Here is another way to do it: vector approach.

Since AB is a horizonal line, the altitude through C must be a vertical line. So, the orthocenter coordinates can be written as (1, b), and the direction of the altitude from A is (1, b-6), and the direction of BC is parallel to (1, 1). Since the dot product of two perpendicular vector is zero, we have

(1, b-6) ⋅ (1, 1) = 0

1 + b-6 = 0

b = 5

Answer: The orthocenter is at (1, 5).

The point where the altitudes of a triangle meet called Ortho Centre

We have given a triangle ABC whose vertices are(0, 6),(4, 6), (1, 3)

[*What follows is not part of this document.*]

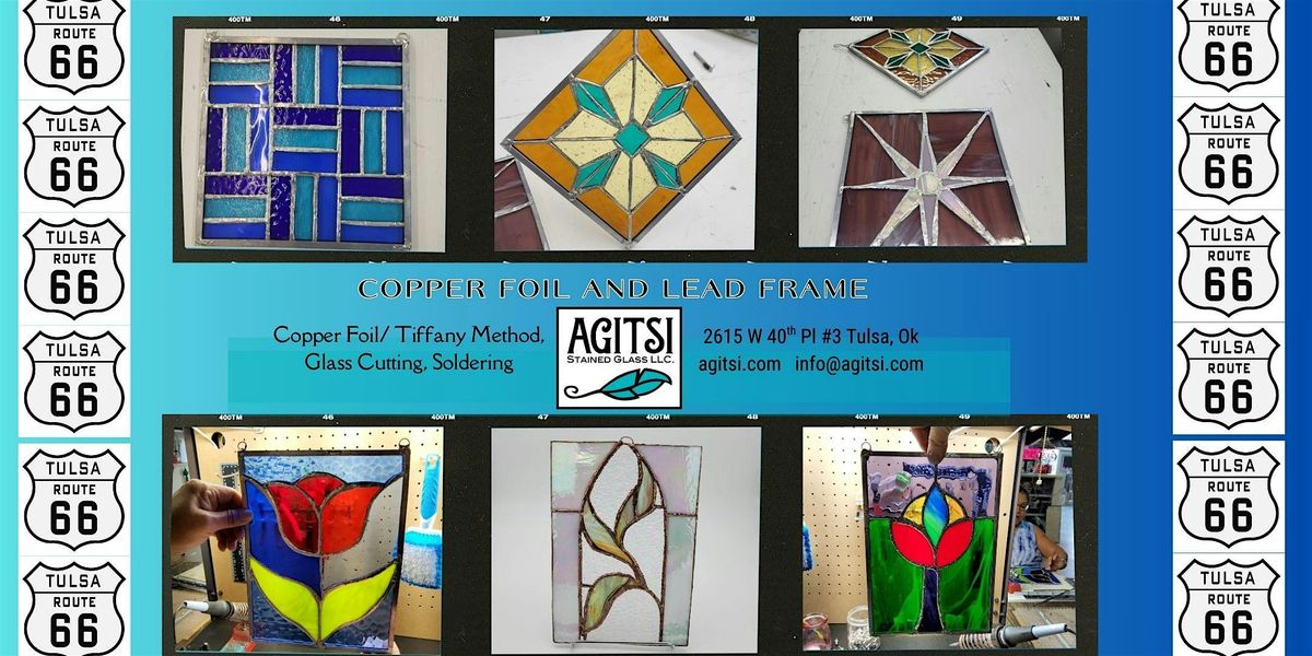 Join us at Agitsi Stained Glass, llc / RT66 Weddings, llc for a fun-filled in-person event! Get ready to unleash your creativity and make a stunning picture out of stained glass. Whether you're a beginner or an experienced artist, this workshop is perfect for everyone. Our skilled instructors will guide you through the process, teaching you the techniques and tricks to create your own unique masterpiece. Don't miss out on this opportunity to learn a new skill and have a blast with fellow art enthusiasts. Student glass is provided but it is of smaller sheets and assorted colors. This class you will choose one 12x12 sheet priced $19.99 and under from our store front as a complimentary sheet. If you want glass that is not in student area you are welome to purchase additional glass at 20% off

In Step 1                we find slopes  Of AB, BC,CA           Slope formulae y_2-y_1⁄  x2-X1

slope    AB= 6-6/4-0  = 0/4   =0

 ....      BC= 3-6/ 1-4 = -3/-3 =1

.......    CA=6-3/ 0-1 =3/-1   =-3

In Step 2

But we know Orthocentre is the point where perpendeculars drawn from vertex to opposite side meet.  So

Let's think a triangle ABC and AD, BE, CF are perpendiculars drawn to the vertex.

Slope AD = -1/slope BC    = -1/1 =-1

.......BE = -1/slope CA      = -1/-3 = 1/3

.....CF  = -1/slope AB      = -1/0   undefined

Orthocenter is the intersection point of the three lines through a vertex perpendicular to the opposite side. For example, through A, perpendicular to BC; through B, perpendicular to AC; and through C, perpendicular AB.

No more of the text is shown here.